L4 vs L7 Feature Breakdown
| Feature | L4 (ztunnel only) | L7 (+ waypoint) |
|---|---|---|
| mTLS encryption | Yes | Yes |
| Service identity (SPIFFE) | Yes | Yes |
| Network-based authorization | Yes | Yes |
| TCP metrics | Yes | Yes |
| HTTP routing | No | Yes |
| Traffic splitting / canary | No | Yes |
| JWT / OIDC auth | No | Yes |
| Circuit breaking (HTTP) | No | Yes |
| Retries / timeouts | No | Yes |
| Fault injection | No | Yes |
| Rate limiting | No | Yes |
| Distributed tracing | No | Yes |
| L7 RED metrics | No | Yes |
Performance Benchmarks
Istio Official (Bare Metal, 1KB HTTP/1.1)
| Mode | P90 Latency | P99 Latency |
|---|---|---|
| No mesh | ~0.10ms | ~0.15ms |
| Ambient L4 | ~0.16ms | ~0.20ms |
| Ambient L4+L7 (waypoint) | ~0.40ms | ~0.50ms |
| Sidecar | ~0.63ms | ~0.88ms |
CNCF Bookinfo (GKE, 4000 RPS)
| Mode | Average | P90 | Difference from no mesh |
|---|---|---|---|
| No mesh | 1.54ms | 2.25ms | — |
| Ambient | 1.58ms | 2.33ms | +3-4% (with mTLS + L4 observability) |
Linkerd vs Ambient (GKE, 2000 RPS, 100 connections)
| Service Mesh | P99 Latency |
|---|---|
| Baseline (no mesh) | ~8ms |
| Linkerd | ~12ms |
| Istio Ambient L7 | ~23ms |
| Istio Sidecar | ~175ms |
Ambient significantly closes the gap with lightweight meshes like Linkerd at high loads, while sidecar mode lags substantially. At 200 RPS, ambient was only ~2ms behind Linkerd at P99.
Real-World Cost Savings
Solo.io Cost Analysis
For a typical large deployment (3 clusters, 200 nodes, 15,000 pods, 1,000 namespaces):
| Cost Factor | Sidecar | Ambient (1 waypoint replica) | Ambient (3 waypoint replicas) |
|---|---|---|---|
| Mesh vCPUs | 9,000 | 660 | 1,860 |
| Annual cost | $2,376,000 | $174,240 | $491,040 |
| Annual savings | — | $2,201,760 (92%) | $1,884,960 (79%) |
User-Reported Projected Savings
| Industry | Clusters | Mesh Pods | Annual Savings |
|---|---|---|---|
| Technology Services | 36 | 21,000 | $2.0M-$2.8M |
| Financial Services | 71 | 28,800 | $1.9M |
| Healthcare | 4 | 3,855 | $400K |
| Federal Government | 3 | 16,316 | $2.0M-$3.1M |
An ambient mesh cost savings estimator is available to model your specific infrastructure.

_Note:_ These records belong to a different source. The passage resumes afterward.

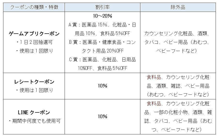 クーポン種類別に「割引率」「除外品」まとめてみた!
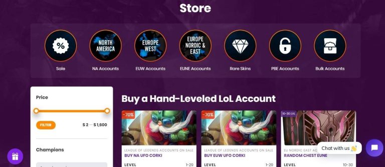 2. How to Choose LoL Account? Let’s get down to business, we adapted the system of selecting accounts in such a way that it is most convenient for you, for this we made a separate page – https://smurfmania.com/store/buy-lol-account/ – at the top of the page we added categories, so that you can choose the type of accounts suitable for you on the server (NA, EUW and so on), PBE, or pay attention to the Sale category, all products that are currently being discounted are automatically collected there. You can also pay attention to the categories of Rare Skins and Bulk Accounts and much more.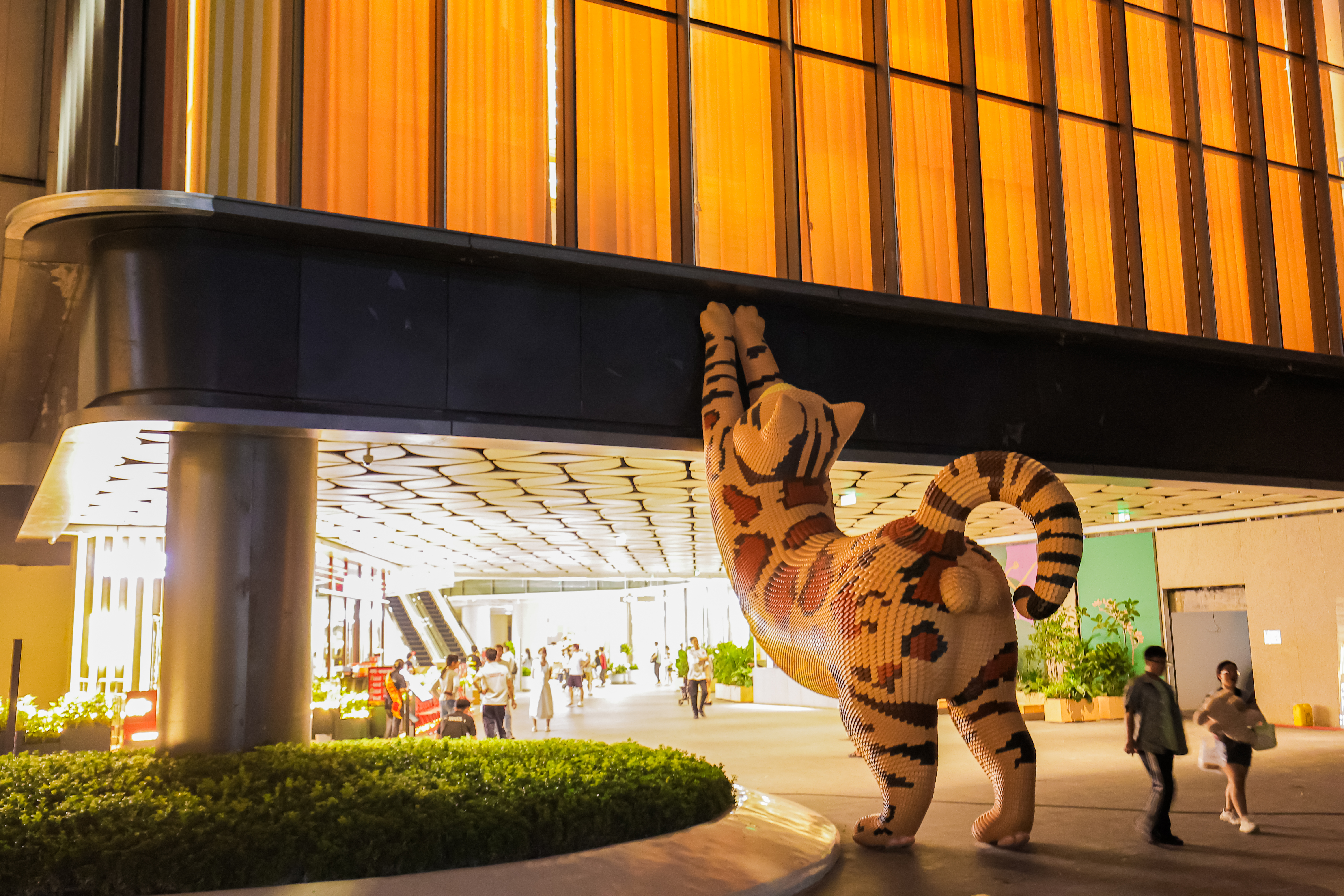 L2层户外架空平台的“然趣空间”是一个极具休闲性的宠物社交空间,项目积极践行可持续发展理念,利用废弃瓶盖搭建出了一个6米高的豹猫雕塑,并利用架空圆台打造宠物友好平台,设置了宠物便箱、宠物水源等多种服务设施。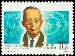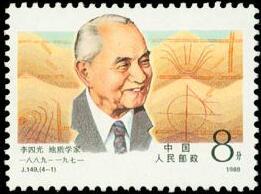 4-1为“地质学家李四光”。 4-2为“气象地理学家竺可桢”。 4-3为“物理学家吴有训”。 4-4为“数学家华罗庚”。 1988.4.28。影写版。P11*11.5。 40mm*30mm。 50(5*10)。 [G]。 邹建军。北京邮票厂。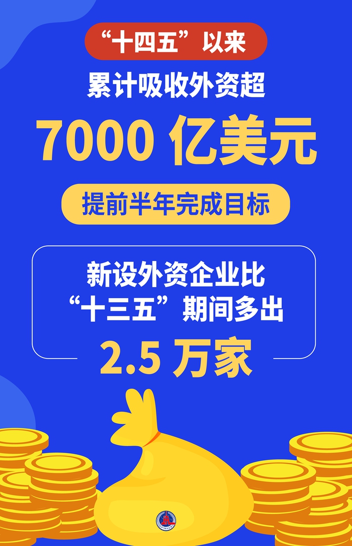復雜嚴峻的國際經貿環(huán)境下,我國吸引外資交出亮眼答卷——“十四五”以來,累計吸收外資超7000億美元,提前半年完成目標,新設外資企業(yè)比“十三五”期間多出2.5萬家。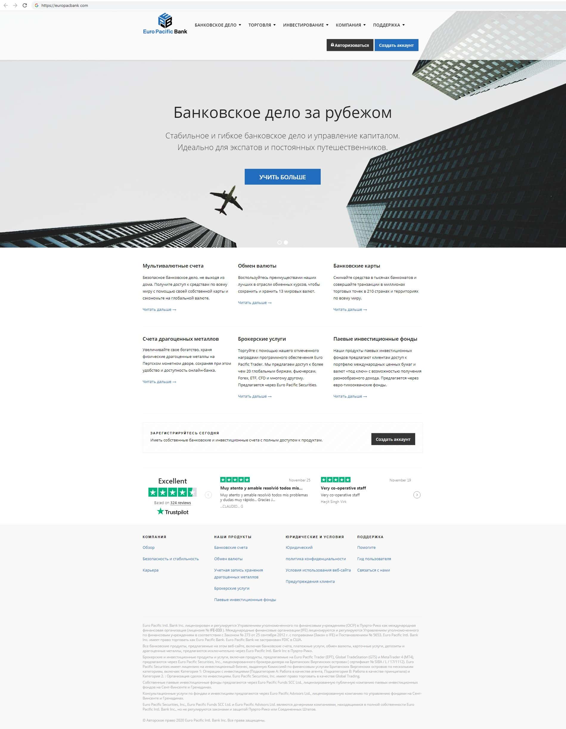 - Обзор главной страницы мошеннической организации Euro Pacific Bank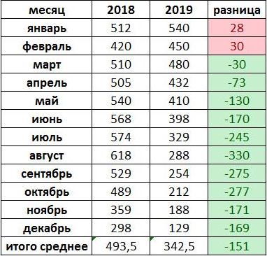 В данной таблице указаны в сравнении данные 2018 года к 2019 году по количеству вакансий в сети, аналогично формирую таблицу по укомплектованности сети. Период сравнения я взяла, как пример, месяц к месяцу, аналогично можно сравнить неделю к неделе. Красным цветом я для себя отмечаю, что идем хуже к предыдущему периоду, а зеленым, что результаты лучше. После этого я делаю график, который показывает, как менялась потребность в персонале.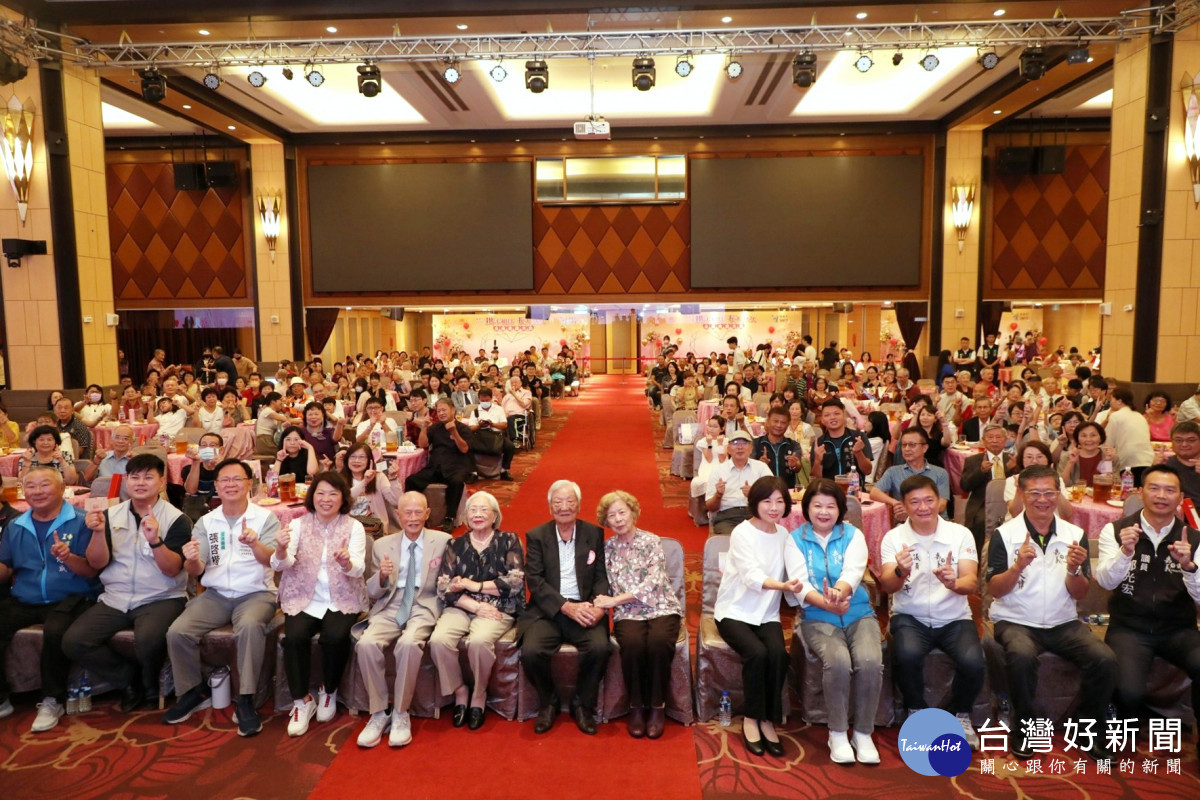 嘉義市府今(19)日上午在耐斯王子飯店舉辦「攜手相伴 長長久久」金婚禮讚活動,今年報名參加金婚長者婚齡超過60年有21對(其中婚齡70年有2對)、婚齡50至59年的有51對,共計72對幸福夫妻共襄盛舉。市長黃敏惠與議長陳姿妏、立委張啟楷及多位議員出席活動,為金婚的阿公阿嬤送上祝福,並共同合影紀錄這幸福時刻。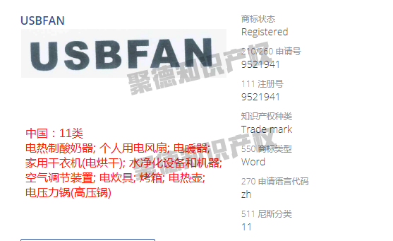 一个具有吸引力的商品界面listing必不可少,黑心企业盯上这点,悄悄拿常用的关键词注册商标,例如小Jude找到几个与风扇有关的商标。

Installing Istio Ambient Mesh (Istio 1.29)
As of Istio 1.29 (February 2026), ambient mode is stable for single-cluster production. Multi-network multi-cluster support is promoted to Beta with significant telemetry and reliability improvements.
# Download Istio 1.29
curl -L https://istio.io/downloadIstio | ISTIO_VERSION=1.29.0 sh -
export PATH=$PWD/istio-1.29.0/bin:$PATH
# Install with ambient profile
istioctl install --set profile=ambient \
--set "components.ingressGateways[0].enabled=true" -y
# Verify components
kubectl get pods -n istio-system
# NAME READY STATUS
# istiod-xxx 1/1 Running
# ztunnel-xxx (one per node) 1/1 Running
# istio-ingressgateway-xxx 1/1 Running
istioctl verify-install
What Gets Installed
- istiod: Control plane (unchanged from sidecar mode)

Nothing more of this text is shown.